» **Data supplied**

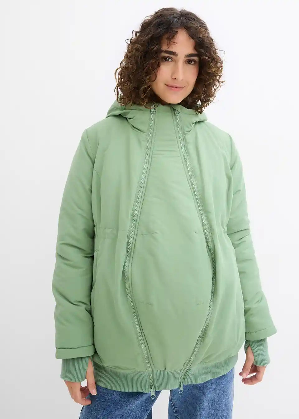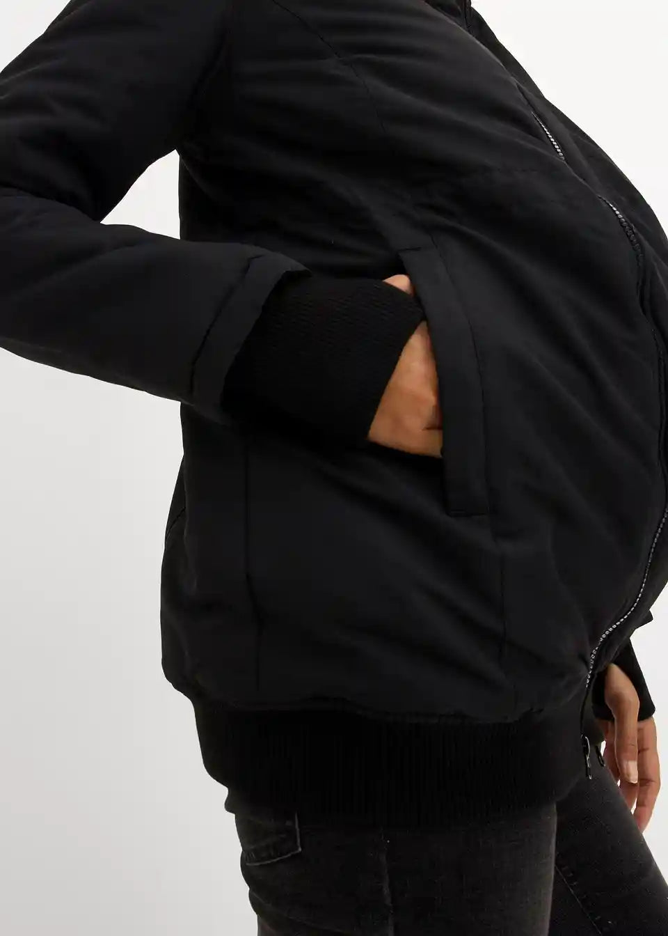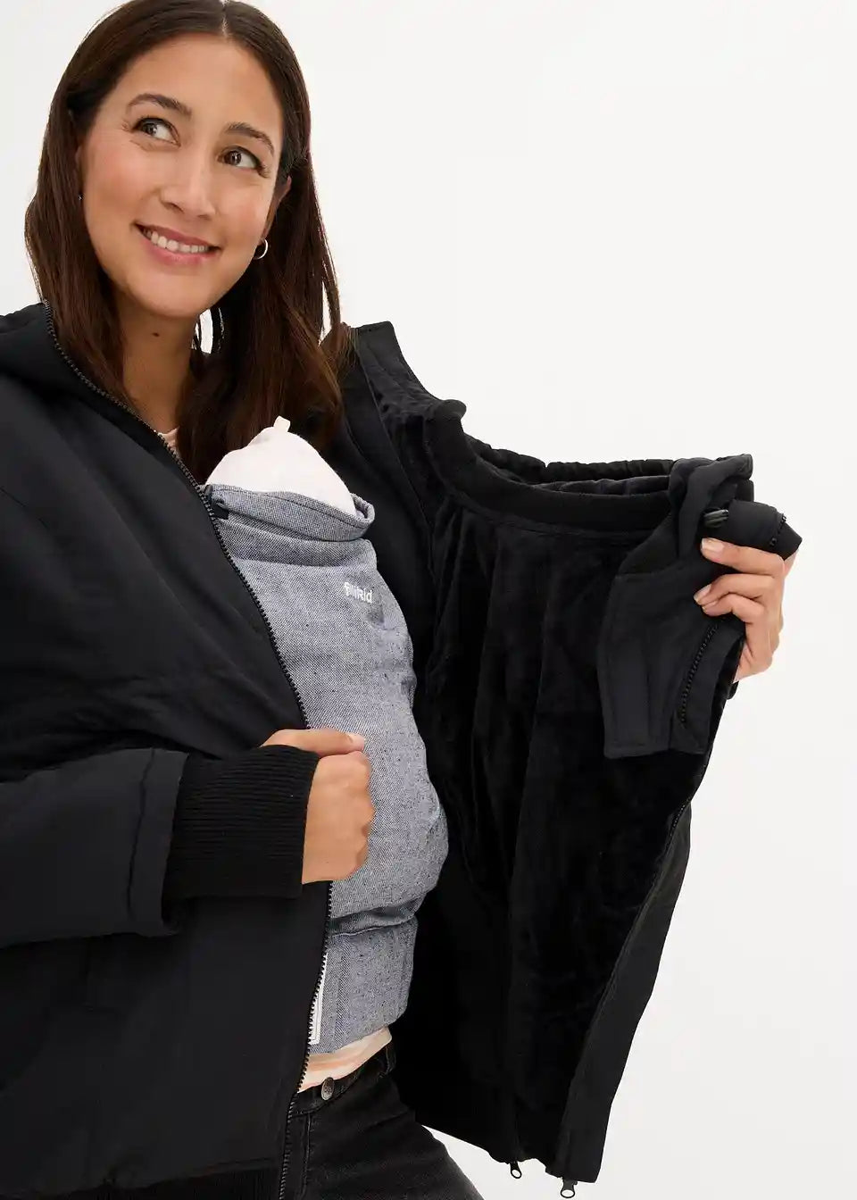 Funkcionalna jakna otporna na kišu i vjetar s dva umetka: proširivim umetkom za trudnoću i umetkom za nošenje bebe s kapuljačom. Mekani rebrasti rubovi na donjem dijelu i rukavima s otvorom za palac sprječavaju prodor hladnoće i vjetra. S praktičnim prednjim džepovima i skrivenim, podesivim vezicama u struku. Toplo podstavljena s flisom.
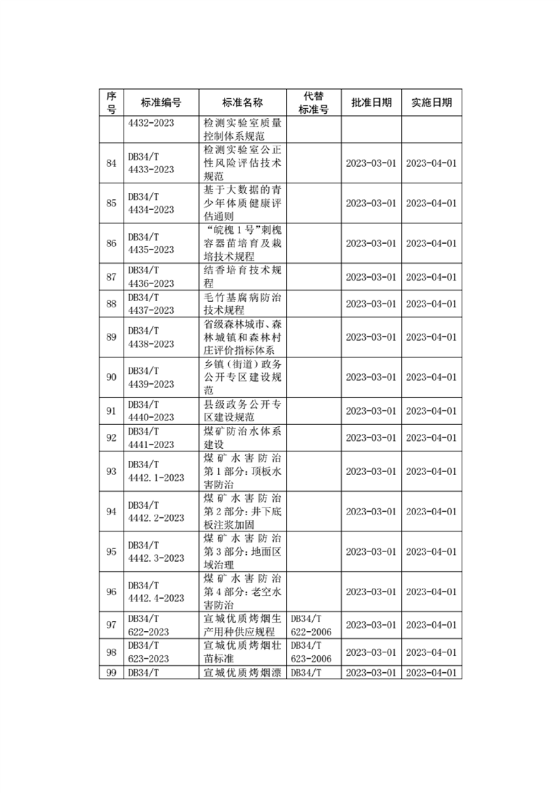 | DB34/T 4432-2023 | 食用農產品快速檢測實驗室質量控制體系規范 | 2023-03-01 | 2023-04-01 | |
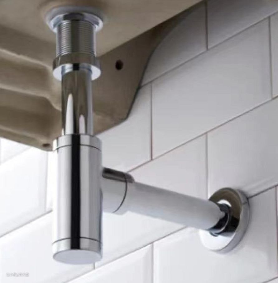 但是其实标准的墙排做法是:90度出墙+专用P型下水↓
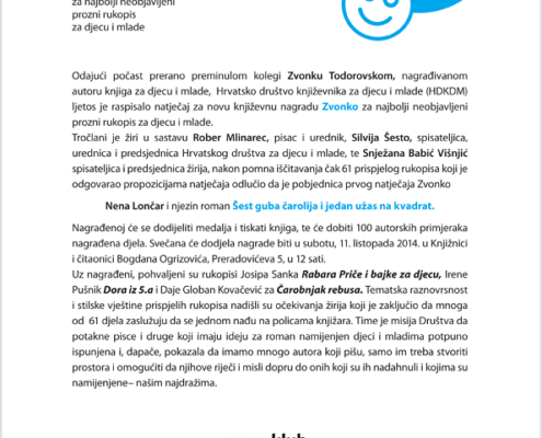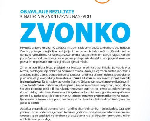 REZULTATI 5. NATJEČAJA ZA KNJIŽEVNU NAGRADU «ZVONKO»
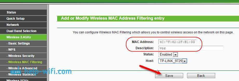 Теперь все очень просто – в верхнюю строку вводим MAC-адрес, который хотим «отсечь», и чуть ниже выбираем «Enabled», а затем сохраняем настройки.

» **To do**
Transcribe all of the data above exactly; no picture belongs in the copy.

» **Solution for this exercise**
 Funkcionalna jakna otporna na kišu i vjetar s dva umetka: proširivim umetkom za trudnoću i umetkom za nošenje bebe s kapuljačom. Mekani rebrasti rubovi na donjem dijelu i rukavima s otvorom za palac sprječavaju prodor hladnoće i vjetra. S praktičnim prednjim džepovima i skrivenim, podesivim vezicama u struku. Toplo podstavljena s flisom.
 | DB34/T 4432-2023 | 食用農產品快速檢測實驗室質量控制體系規范 | 2023-03-01 | 2023-04-01 | |
 但是其实标准的墙排做法是:90度出墙+专用P型下水↓
 REZULTATI 5. NATJEČAJA ZA KNJIŽEVNU NAGRADU «ZVONKO»
 Теперь все очень просто – в верхнюю строку вводим MAC-адрес, который хотим «отсечь», и чуть ниже выбираем «Enabled», а затем сохраняем настройки.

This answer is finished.